Cyberport was hacked in mid-August, involving the theft of up to 400GB of staff data, including identity documents, but Cyberport delayed the announcement for half a month. According to the hacker's latest website, the information has been "leaked" and can be downloaded for free from the dark web. A computer researcher looked at some of the leaked data on the dark web and found that 208.5GB of the data was related to projects, which accounted for the largest portion of the data. In addition, there was also information on human resources, leasing, and finance, etc. Not all of the files could be downloaded without problems, and some of the files were encrypted, but many of the files could be opened directly to peek into the salaries of some employees and the resumes of job applicants. A computer security researcher criticized the Cyberport for its poor security awareness, "It has not done its job well in terms of management responsibility, so is there anyone to be held accountable for this? I think there is a need to do so, because there is no proper management. Not only personal data, but also government contracts, which can be seen by our neighbors, who can see our projects and kill our business."
The hacker group Trigona's website indicates that Cyberport's stolen data has been "leaked". According to computer practitioners, the information can be downloaded directly from Trigona's dark web page for free, and is 400GB in total, of which 208.5GB is for Project, 86.3GB is for HR, 125.01GB is for Finance, and 2.56GB is for FintechTeam. The remaining 15.75GB was for Leasing.
Among the above 400GB of data, many of them are "PDF" and "EXCEL" files, and some of them are photos and videos, including some office pictures. However, when clicking on some of the files in Trigona's webpage, the files could not be read, and some of the "EXCEL" files needed to be opened by entering a password after downloading.
However, not all files are encrypted. For example, some of the files containing salary information of staff can be opened directly; the curriculum vitae of some job applicants can also be viewed, and there are even files containing comments from interviewers, which can be seen at a glance. There are even documents containing interviewer's comments which can be viewed at a glance. In addition, there are also documents on tenancy agreements signed between some companies and Cyberport.
Lai Zhuo Dong, a computer security researcher, said that, in fact, on average, every two or three days there are enterprises, schools, or different organizations were ransomware attacks, similar incidents are quite common. He said that the reasons for the attack, generally from the system is not patched, lack of awareness of digital security, lack of resources to strengthen the security system, lack of talent, etc. He said that there have been companies that do not have their own backups. He said that there were cases where companies did not have their own backup information and had to pay "ransom".
Asked whether Cyberport's security awareness was inadequate, Mr. Lai criticized, "It is impossible for such a big organization to be so bad. He said that in general, it is true that fewer people would encrypt the "EXCEL" one by one, but they would double authenticate the whole system and the hard disk, and confirm their identity when logging in before decrypting the data. "Obviously, they didn't do this, they didn't authenticate themselves, and they didn't even fix the loopholes. He described the incident as negligence and said, "If there had been an audit of the servers or double authentication, there would not have been any problem.
Mr. Lai also criticized that the incident not only affects personal privacy, but also involves commercial confidentiality, which is detrimental to the interests of Hong Kong, and that the Cyberport management should be held accountable, "They have not done a good job in managing their responsibilities, so should someone be held accountable for this incident? I think there is a need for accountability, because the management has not done a good job. It's not only personal data, but also government contracts, which are seen by the neighboring districts and they can see how we do our projects and how they can kill our business."
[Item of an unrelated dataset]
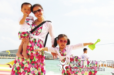 贵阳年轻妈妈吴群带着一双儿女在海边度假。

Mr. Lai pointed out that there is no relevant legislation in Hong Kong to penalize data leakage, but there are relevant laws in the Mainland and Singapore, and the relevant companies are usually fined, but there is no penalty in Hong Kong, "You don't want to have a safety rack? You don't want to be safe? Why can't we just forget about the data leakage? Why do you think the leakage of data can be left unattended? Apologize and it's over, no penalty, no need at all? He reminded all industries to pay attention to information security, and all industries have the responsibility to protect information security.
Mr. Fong Po-kiu, Honorary President of the Hong Kong Information Technology Federation (HKITF), said that the incident is very serious because the leakage of information not only involves Cyberport staff, but also tenants, partners and applicants, and that the most important thing is to get hold of the information of those who are affected and notify them as soon as possible.
Hong Kong's Web3 industry has been developing at a rapid pace. Cyberport, as a wholly-owned enterprise of the Hong Kong government and a policy enforcer, has been instrumental in promoting the development of the Web3 ecosystem in Hong Kong. Since the announcement of Hong Kong's Virtual Asset Development Declaration in October last year, the industry has grown rapidly.